New parents may beg to differ, but starting at about six weeks of age, we develop circadian rhythms that cause us to fall asleep and then wake up again. Judith Owens, MD, Director of Sleep Medicine at Children’s
National says sleep is more than just a behavior.
"We talk about the sort of the pillars of good health being physical activity, and good diet. But sleep should rank right up there as part of that three-legged stool for good health,” she recently told WTOP.
So how do we busy parents do that? Our docs say we should put just much effort into having kids go to sleep on time as we do getting them to school on time.
Here are a few more tips:
Create a soothing bedroom. The best condition for sleep is a cool, dark room, which encourages melatonin production and a drop in core body temperature, which is needed for sleep.
Turn off the electronics. Don’t let children watch TV too close to bedtime. The light can stimulate the brain and potentially cause nightmares in young children – and it interferes with circadian rhythms.

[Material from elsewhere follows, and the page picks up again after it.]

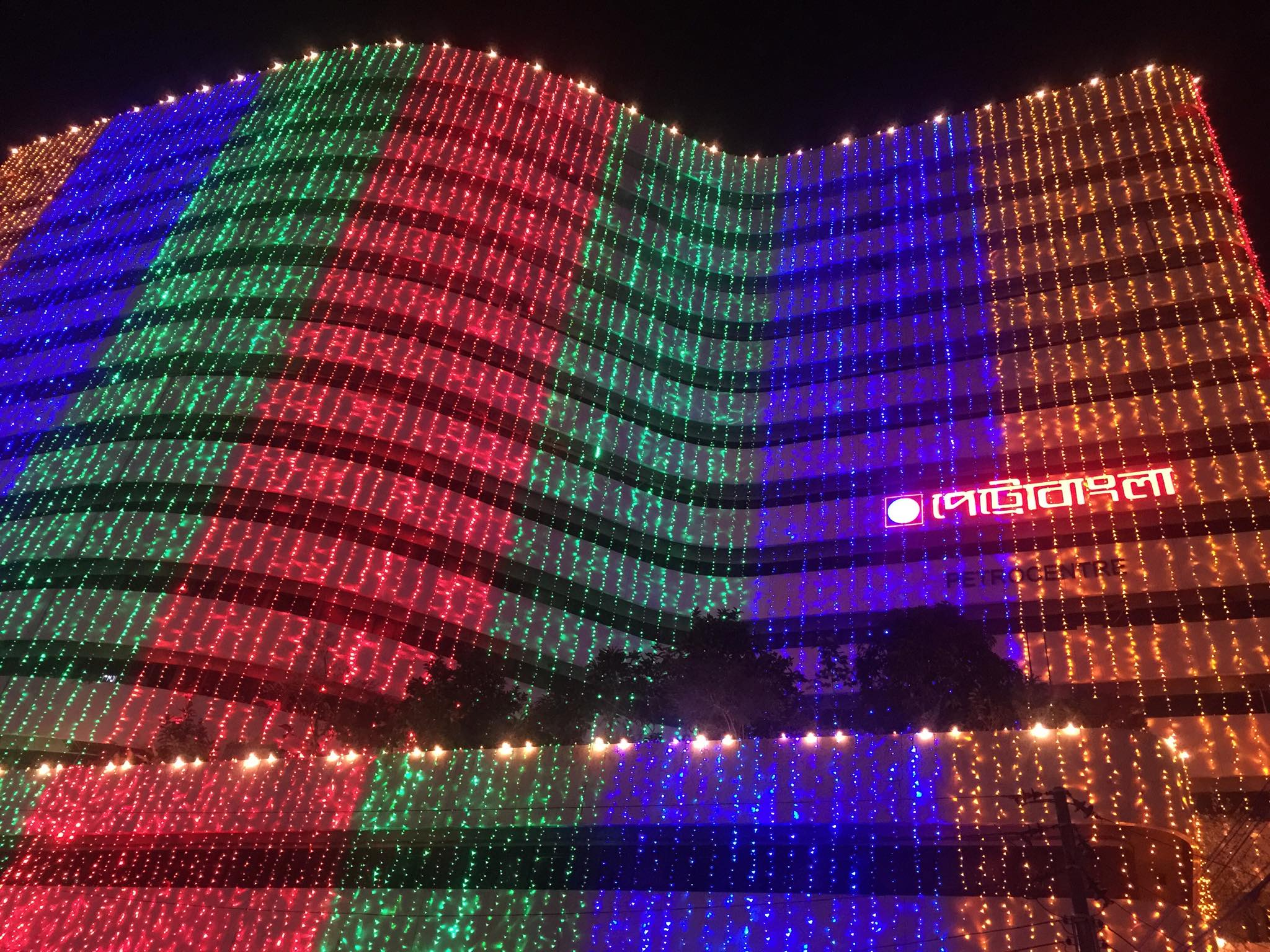 On December 16, Victory day celebration by Petrobangla, a government-owned national oil company of Bangladesh

Stick to the routine. Whether it’s a bath, books, songs, prayers, snuggling with a security blanket, or any combination, it’s important to keep it consistent.
Be consistent on weekends. Make sure sleep and wake times are consistent even on weekends. Make sure your kiddo is physically and mentally tired by planning fun activities throughout the day.
Do you have any bedtime routines you want to share?